Peter Friz, Ralf Kornhuber, Nicolas Perkowski
N.N. (TU), Helena Kremp (FU/HU)
01.08.2019 – 31.07.2022
Naturally emerging models for particle systems in the Life Sciences are often questionable or even meaningless from a mathematical point of view. The goal of this project is to develop mathematically rigorous formulations and solution concepts together with a stochastic and numerical analysis.
The interplay of proteins and curvature of biological membranes are well known to regulate cell morphology and a variety of cell functions. Hybrid models describe proteins as rigid particles interacting with a continuous plate-like membrane. They have quite a history in biological physics but have been analyzed only recently from a mathematical point of view.
The analysis is based on a variational formulation in terms of minimization problems for the energy given in terms of the linearized Canham-Helfrich energy in the Monge-Gauge for membrane deformation, and with membrane-particle interactions represented by hard constraints or by penalization.

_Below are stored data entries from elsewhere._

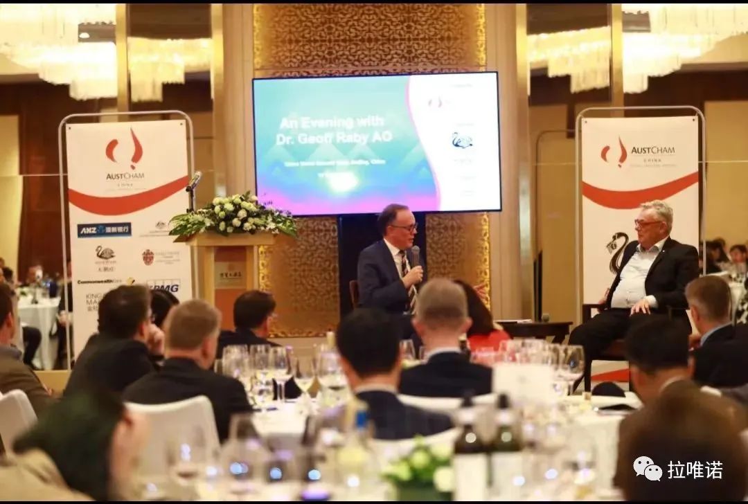 2023年3月10日,由中国澳大利亚商会主办的芮捷锐博士之夜(An Evening with Dr. Geoff Raby)在京举办。现任澳大利亚驻华大使傅关汉(Graham Fletcher)与前澳大利亚驻华大使(2007-2011)芮捷锐博士共同出席了会议。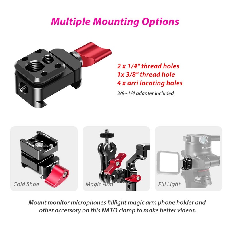 - 【Multiple Mounting Options】Equipped with 2 x 1/4", 1x 3/8" threads (3/8~1/4 adapter included) and arri locating holes, can mount monitor microphones filllight magic arm phone holder and other accessory on this NATO clamp to make better videos.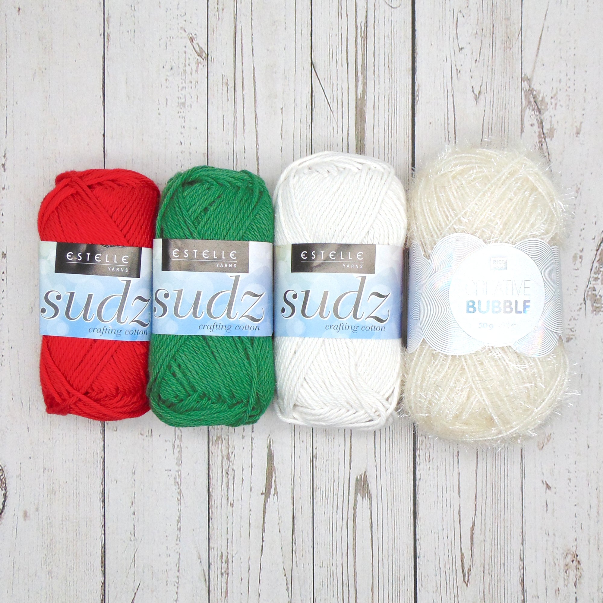 Each kit contains 3 assorted balls of Estelle Yarns' Sudz, along with one ball of Rico Design's Creative Bubble - enough yarn to make 3 perfectly coordinating Scrubbies - just add 4 mm needles!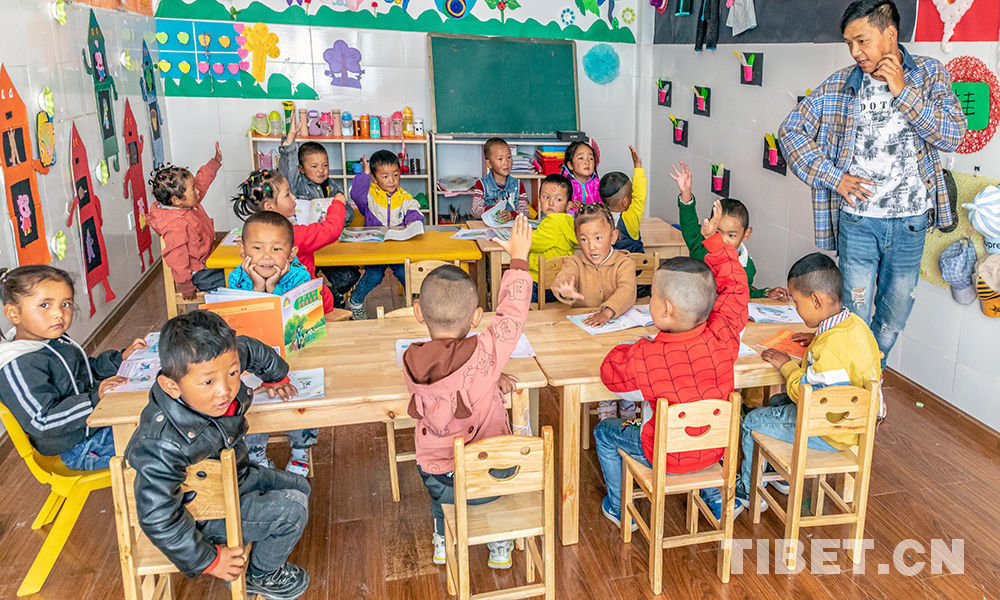 圖為山南市乃東區(qū)頗章鄉(xiāng)完小附設(shè)雙語幼兒園的孩子們 攝影:曲業(yè)芝

A crucial aspect of advanced hybrid models concerns ﬂuctuations caused by thermal eﬀects and the surrounding medium. One can derive a formal overdamped Langevin equation to describe the dynamics, but this equation is only well posed in the limit of infinite timescale separation, where the membrane fluctuates much faster than the proteins. Without this assumption, the mathematical meaning of the Langevin equation is dubious due to the inherent irregularity of the problem. The equation even seems far out of reach of novel techniques in the field of stochastic partial differential equations (SPDEs) that are designed specifically to deal with singularities, such as Hairer’s regularity structures.
A natural simplification is to not take the membrane as a minimizer of the energy, but rather to sample it randomly from the Gibbs measure associated to the energy. In the zero temperature limit we would then recover minimizers. Unfortunately, typical realizations of a random membrane sampled from the Gibbs measure are non-differentiable. This leads to the problem of constructing diffusions in non-smooth manifolds, which seems related to the recently constructed Liouville Brownian motion.

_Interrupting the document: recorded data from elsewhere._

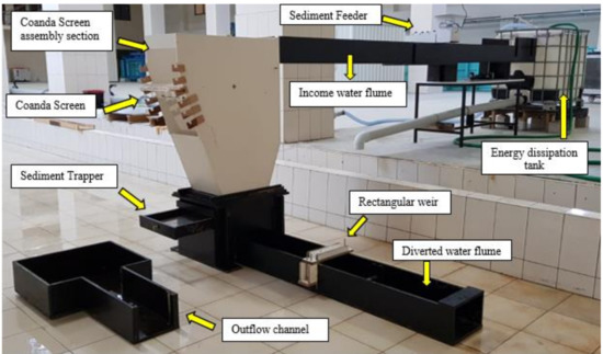 Intake structures are used to divert water from channels and river systems for various purposes, such as energy production, irrigation, and domestic use [1,2,3]. Tyrolean and Coanda types of water intake structures are the most widely used bottom intake structures in the world. No matter the type of intake, the expected purpose from any intake structure is to supply required water while filtering most of sediments and other unwanted particles as much as possible [4,5]. This is because energy production stages are carried out with different types of high-value machinery developed for working under clear water conditions. They are sensitive to sediment particles within water. In addition, sediment particles can become a shelter for various types of bacteria and protozoa and reduce sanitation efficiency, especially for ultraviolet disinfection operations [6]. In addition, heavy metals can become attached to particles, contaminating water in time. Therefore, water that is not purified well from sediment and other particles can cause important health problems.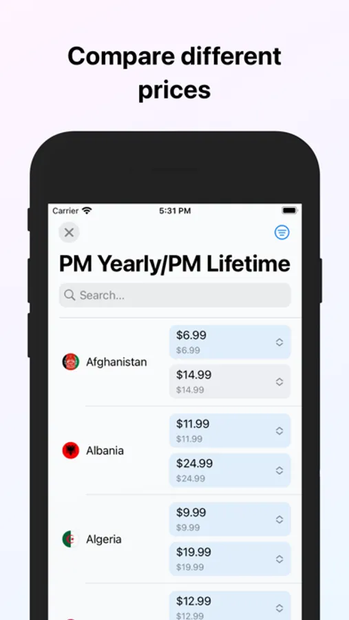 You can compare prices for different countries side by side. This makes it easy to see how prices vary across regions and make informed decisions about pricing strategies.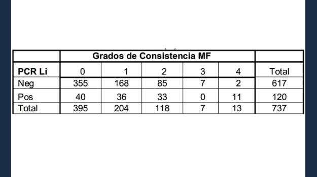 Tabla Nº1: Relación entre la consistencia de la materia fecal (MF) y la detección deLawsonia intracellularis (LI)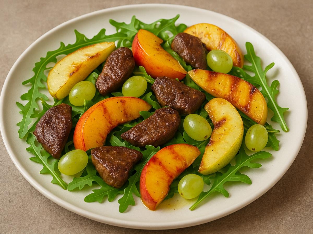 Главная идея этого салата — объединить тёплые фрукты и субпродукты. Печень, обжаренная до золотистой корочки, прекрасно сочетается с ароматными дольками груши, сладковатым персиком и лёгкой кислинкой винограда. Всё это дополнено щепоткой зиры, порошком карри и свежим апельсиновым соком, который связывает вкусы в единую композицию.

Similar mathematical problems arise in fluctuating hydrodynamics, where the aim is to describe the evolution of large (but finite) numbers of interacting particles by means of suitable SPDEs. A typical example is the Dean-Kawasaki equation for the density of particles that appears in fluctuating fluid dynamics. From a mathematical point of view, this equation is severely ill posed due to the irregularity of the noise, unless we carefully interpret it through a martingale problem.
Nonetheless the Dean-Kawasaki equation is useful. For example, it allows us to heuristically guess the large particle number limit, including law of large numbers, central limit theorem, and large deviation rate function. Moreover, the SPDE formulation naturally leads to formal finite element discretizations of the particle dynamics that are successfully applied in practice but without theoretical justification.
Our goal is to rigorously justify the finite element discretization and to derive explicit error bounds. This is a subtle problem, as the martingale problem for the Dean-Kawasaki equation is only well defined after a very fine tuning of the parameters: Recently Konarovskyi, Lehmann and von Renesse showed that slightly changing one of the parameters in the equation leads to an ill posed problem without solutions.